Saturday, November 12, 2011

Introduction to my Mathematica guide: The Way of Mathematica

Greetings! Several years ago I began creating a guide to Mathematica for my own use--as a reference to what I wanted to learn and remember, especially about Mathematica programming. I also wanted to capture a philosophy about Mathematica, like the Tao--as in the Tao Teh Ching--or Way of Mathematica. How does one 'go with the flow' when programming in Mathematica? It evolved into a book and here I'm posting drafts from the book. Please keep in mind these are drafts and may contain errors or omissions. Of course I'm very interested in your comments and corrections.

One device I use that you may not like is capitalizing Mathematica functions, such as Map or Import, as proper nouns. The idea is to highlight them and impress them on our minds. However I can also see that this usage can be irritating--if so let me know.

More significantly, I use a new programming dialect that I first presented at the Wolfram Technology Conference in 2007--you can download the presentation here:

This dialect, which features heavy usage of Prefix (f@x) and Postfix (x//f) syntax with pure Function (x//f [#, {parameters}]&, offers a number of significant advantages over the traditional Matchfix style. Specifically, these benefits include:

  1. Code is more readable
  2. We have less typing because we finally depart from the confusing matching brackets f[[[parameter1, g[parameter2], h[parameter3]]]] syntax that goes at least as far back as Lisp
  3. Functions are listed in the order in which they are applied as in procedural programming
  4. We have more options to organize our code so as to highlight what's important and bury what is not.

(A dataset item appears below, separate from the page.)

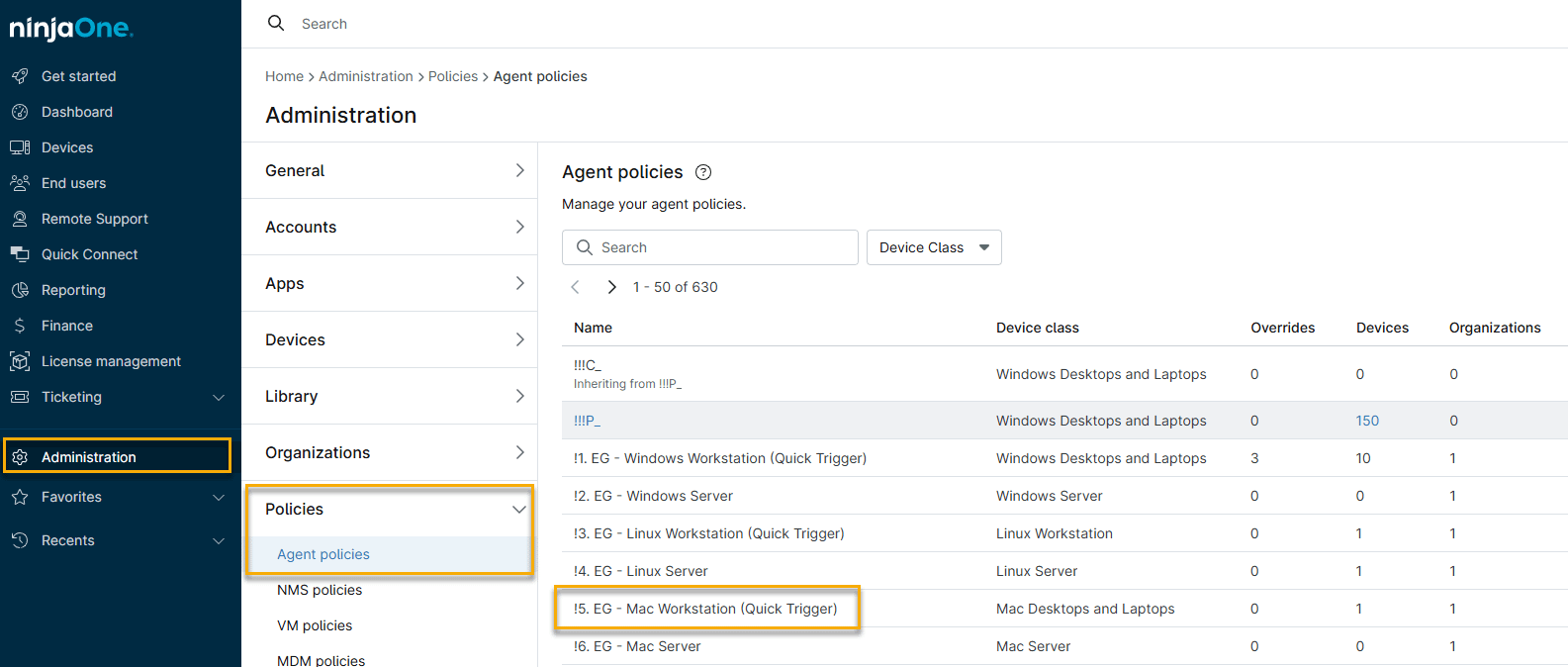 - Navigieren Sie in NinjaOne zu „Administration “→ „Richtlinien“ → „Agent-Richtlinien“ in den erweiterten Optionen und wählen Sie Ihre macOS-Richtlinie aus der Liste aus.

We can think of this dialect as a "functional-procedural fusion" and I haven't come up with a better name for it than that. Accordingly another benefit is that the syntax renders Mathematica easier to learn for procedural programmers. Schematically it looks like this:

Traditional Matchfixh [ g [ f [ x, y ], z ], j ]
Postfix-Pure Functionf [ x, y ] // g [ #, z ]& // h [#, j ]&
Prefixf @ g @ h @ i

Using Prefix and Postfix with abbreviated operators (such as +, -, x, /, ^, as in f@x+5) necessitates knowing Mathematica's Precedence table, included in the 2007 presentation and I will post the code and table for Mathematica 8 here. You can always determine the Precedence of any operators using that undocumented function:

In[68]:= Precedence /@ {Plus, Subtract, Times, Divide, Power}

Out[68]= {310., 310., 400., 470., 590.}

And you can always just use Matchfix, or group with parentheses, if you don't want to deal with Precedence. Of course we all deal with Precedence, and few would advise abolishing all abbreviated operator usage, in mathematics and Mathematica. So think of Prefix in Mathematica as a greatly extended usage of the power of abbreviated operators that harks to the origins of math.